経営メモ「『AKB48』はプラットフォーム?3つの成功の鍵」(Vol.43)


今回は、〝プラットフォーム”戦略を考えます。

プラットフォーム戦略は、楽天市場のようなイーコマースにおいて実現しやすいと考えがちですが、リアルなビジネスで実現している例として「AKB48」があります。

「人」を売るタレントビジネスは、一般には難しいビジネスの領域だと言われます。その理由は

  • どの人材が売れるかわからない
    (金と時間をかけて売り出しても当たるかどうかわからない)
  • 稼働率に限界がある
    (仮に映画やCDが大ヒットしたとしても、タレントの活動時間には限りがある)
  • 売れれば売れるほど契約の主導権がタレントに移る
    (高額のギャラを用意する必要がある)

 

プラットフォーム戦略とは、「プラットフォーム全体」を売ること

こうしたタレントビジネスの難しさを一挙に解決し、プラットフォーム戦略によって成功しているのが「AKB48」です。つまり、プラットフォーム戦略とは、複数のタレントを抱える「プラットフォーム」全体を売るものになります。

AKB48は、①の欠点を大人数のユニットで克服しています。

清純派が好き、苦労人タイプが好きなど、ファンの好みは多種多様です。そこで、個性の異なる人材を大人数投入することで解決しています。(たくさん投入すればある程度こけるが、ある程度売れる)

また②の欠点も、個々のタレントではなくAKB全体で売ることで克服しています。

番組などの仕事のオファーは、個人ではなくAKB48のメンバーであれば良い、という形で引き受けるため、エースとセカンドクラスをミックスすることで稼働率を上げることに成功しています。

さらに「総選挙」制度で入れ替え制をある程度システム化し、③の欠点も克服しています。

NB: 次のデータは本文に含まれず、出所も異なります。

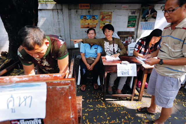 في حين خيم هدوء نسبي على مجمل عملية الاقتراع باستثناء بضع مشاجرات جرت بعد يوم على إصابة سبعة أشخاص بجروح من أعيرة نارية وتفجيرات خلال اشتباكات بين مؤيدين ومعارضين لرئيسة الوزراء ينجلوك شيناواترا في شمال بانكوك معقل حزبها بويا تاي.

良く知られているように、AKB48は個々のタレントはAKB48に属しておらずそれぞれ別の大手芸能事務所に属しています。AKB48として活動する時だけ「派遣」されてくる仕組です。そのためAKB48はリスクやコストを全て負担する必要がありません。

成功のカギは、集客・ビジネスモデルの提供・プラットフォームの管理

プラットフォームは、顧客・運営者・参加者で成り立っています。(AKB48の事例だと、顧客=ファン、運営者=秋元康氏、参加者=タレント、と考えることができます)こう考えると、国家も会社も一種のプラットフォームであると考えることができますね。

成功のカギは、集客・ビジネスモデルの提供・プラットフォームの管理。この3つのようですね。